TASK STATEMENT >>
Take from the entries below the stretch from the line with "Стены в коридоре" through the line with "須山駐在所長さんにお越しいた", and return it exactly, leaving the pictures out.

DATA RECORDS >>
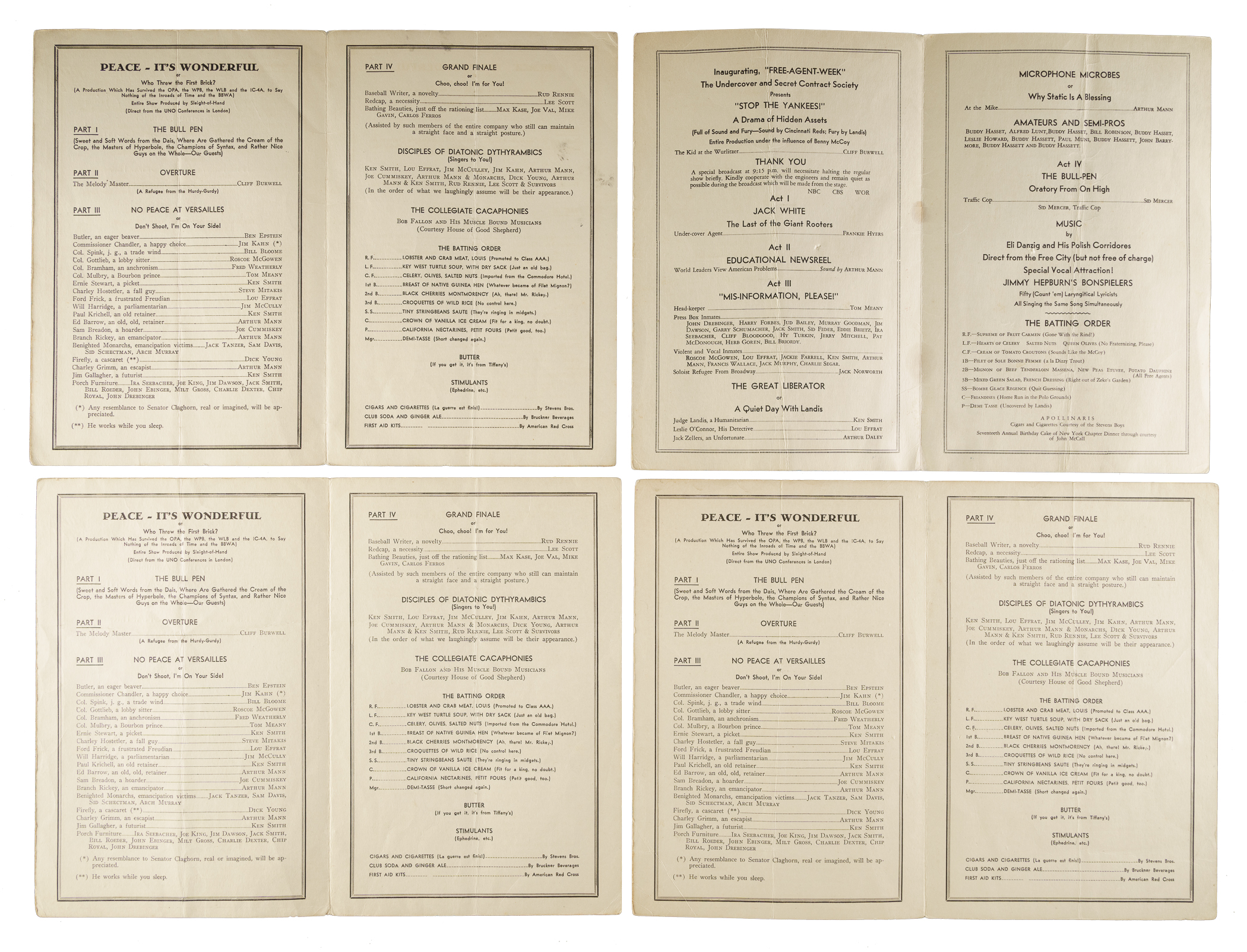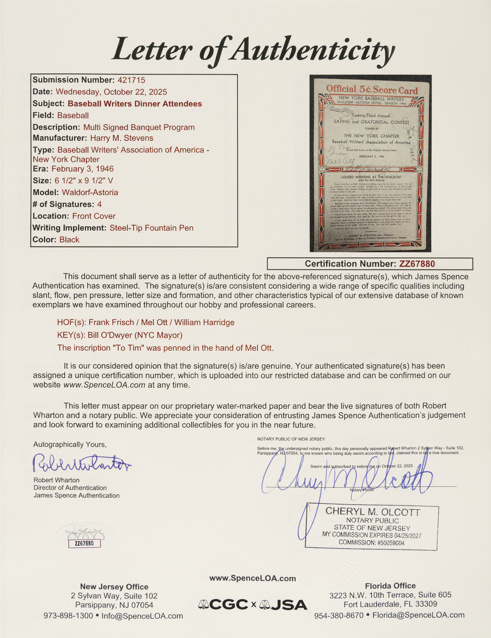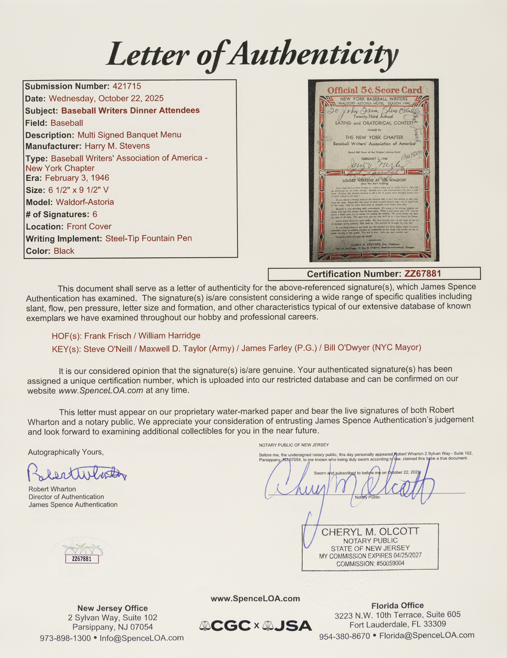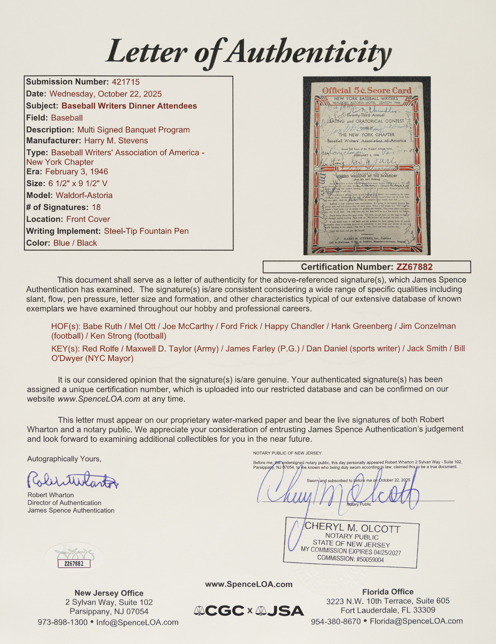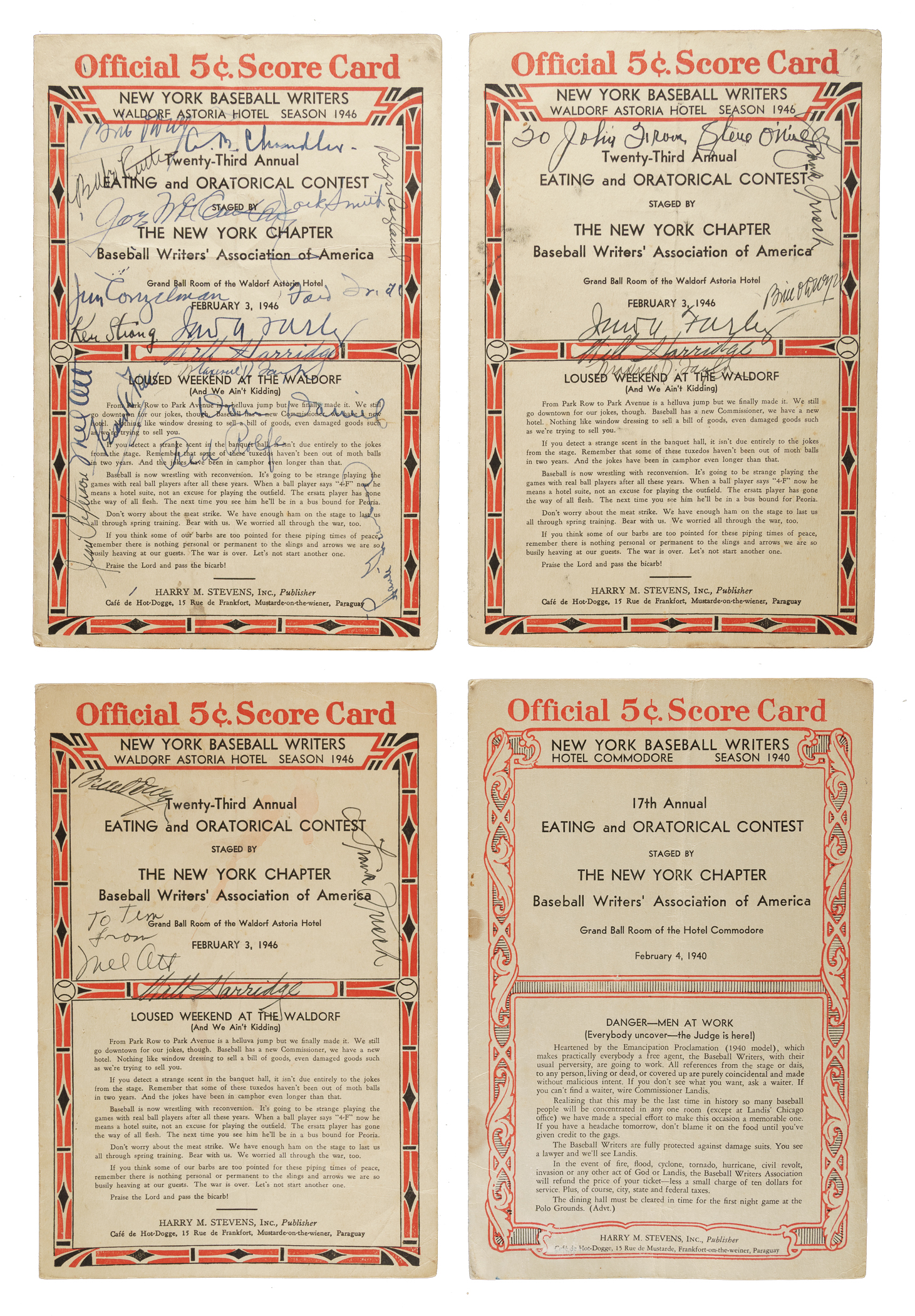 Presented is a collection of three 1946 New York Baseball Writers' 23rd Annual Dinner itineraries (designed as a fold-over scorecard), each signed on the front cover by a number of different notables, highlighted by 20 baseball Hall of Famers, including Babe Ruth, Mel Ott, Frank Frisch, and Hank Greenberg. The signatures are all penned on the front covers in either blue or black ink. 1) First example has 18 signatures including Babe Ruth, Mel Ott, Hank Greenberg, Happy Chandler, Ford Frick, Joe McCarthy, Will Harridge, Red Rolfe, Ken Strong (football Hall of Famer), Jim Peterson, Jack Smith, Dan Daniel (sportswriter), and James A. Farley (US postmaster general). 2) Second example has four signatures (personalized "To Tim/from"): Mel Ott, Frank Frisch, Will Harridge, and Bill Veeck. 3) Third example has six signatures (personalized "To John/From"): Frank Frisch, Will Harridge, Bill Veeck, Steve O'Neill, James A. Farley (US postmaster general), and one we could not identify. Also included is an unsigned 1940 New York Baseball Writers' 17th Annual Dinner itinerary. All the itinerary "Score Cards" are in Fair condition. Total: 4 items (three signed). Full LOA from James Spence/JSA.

--

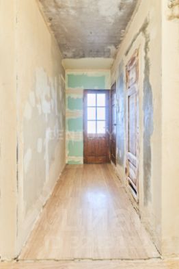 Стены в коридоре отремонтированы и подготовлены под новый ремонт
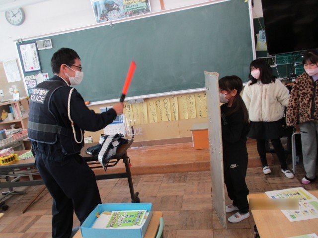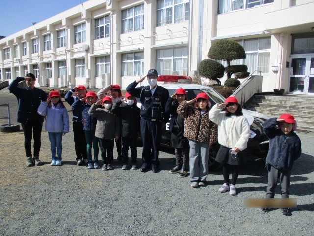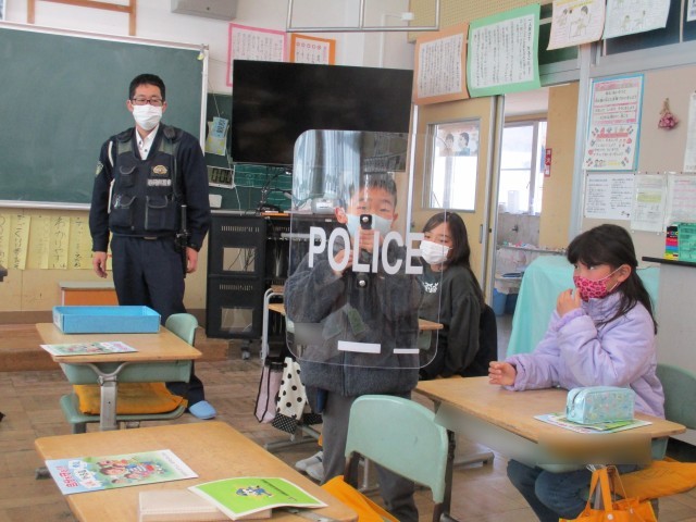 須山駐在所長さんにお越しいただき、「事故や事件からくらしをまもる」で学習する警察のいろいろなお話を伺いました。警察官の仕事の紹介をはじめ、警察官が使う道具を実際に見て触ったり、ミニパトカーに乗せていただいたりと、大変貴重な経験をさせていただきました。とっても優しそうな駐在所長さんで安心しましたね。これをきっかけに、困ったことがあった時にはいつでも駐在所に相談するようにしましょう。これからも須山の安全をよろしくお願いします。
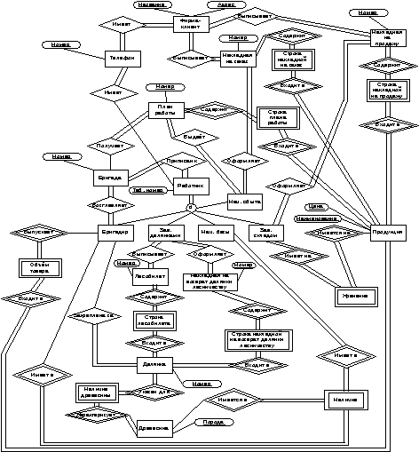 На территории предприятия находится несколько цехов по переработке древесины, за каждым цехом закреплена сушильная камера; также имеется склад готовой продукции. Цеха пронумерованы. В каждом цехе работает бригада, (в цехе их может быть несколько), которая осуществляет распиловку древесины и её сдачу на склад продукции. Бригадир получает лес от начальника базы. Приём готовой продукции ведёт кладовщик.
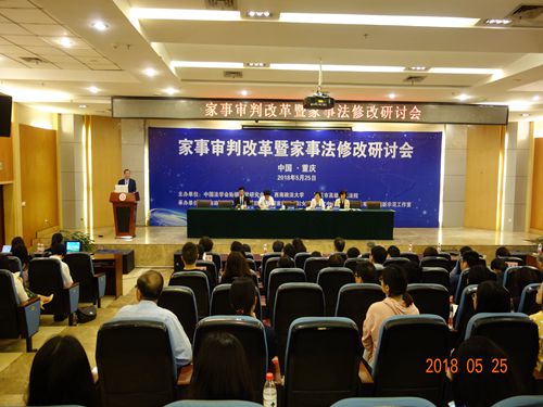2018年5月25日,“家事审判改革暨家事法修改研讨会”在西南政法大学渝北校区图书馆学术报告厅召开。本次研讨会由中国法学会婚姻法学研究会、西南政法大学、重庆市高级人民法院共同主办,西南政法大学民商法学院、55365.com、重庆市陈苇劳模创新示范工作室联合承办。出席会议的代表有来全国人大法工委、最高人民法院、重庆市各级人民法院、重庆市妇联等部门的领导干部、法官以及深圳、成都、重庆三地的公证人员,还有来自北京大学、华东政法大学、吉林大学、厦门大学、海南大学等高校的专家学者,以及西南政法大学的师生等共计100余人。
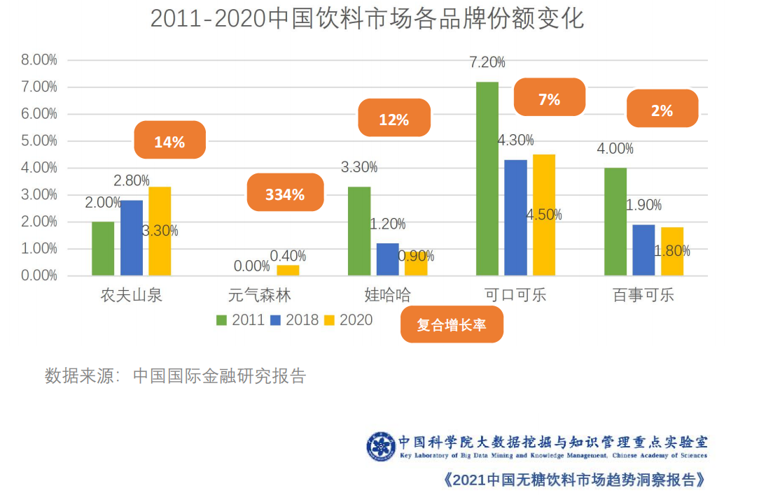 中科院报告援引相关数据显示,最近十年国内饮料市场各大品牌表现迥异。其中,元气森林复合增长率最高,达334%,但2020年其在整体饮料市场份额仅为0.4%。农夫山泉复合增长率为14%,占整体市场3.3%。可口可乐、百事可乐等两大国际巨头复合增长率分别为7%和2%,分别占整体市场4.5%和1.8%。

RESULT OF THE TASK >>
 Стены в коридоре отремонтированы и подготовлены под новый ремонт
 須山駐在所長さんにお越しいただき、「事故や事件からくらしをまもる」で学習する警察のいろいろなお話を伺いました。警察官の仕事の紹介をはじめ、警察官が使う道具を実際に見て触ったり、ミニパトカーに乗せていただいたりと、大変貴重な経験をさせていただきました。とっても優しそうな駐在所長さんで安心しましたね。これをきっかけに、困ったことがあった時にはいつでも駐在所に相談するようにしましょう。これからも須山の安全をよろしくお願いします。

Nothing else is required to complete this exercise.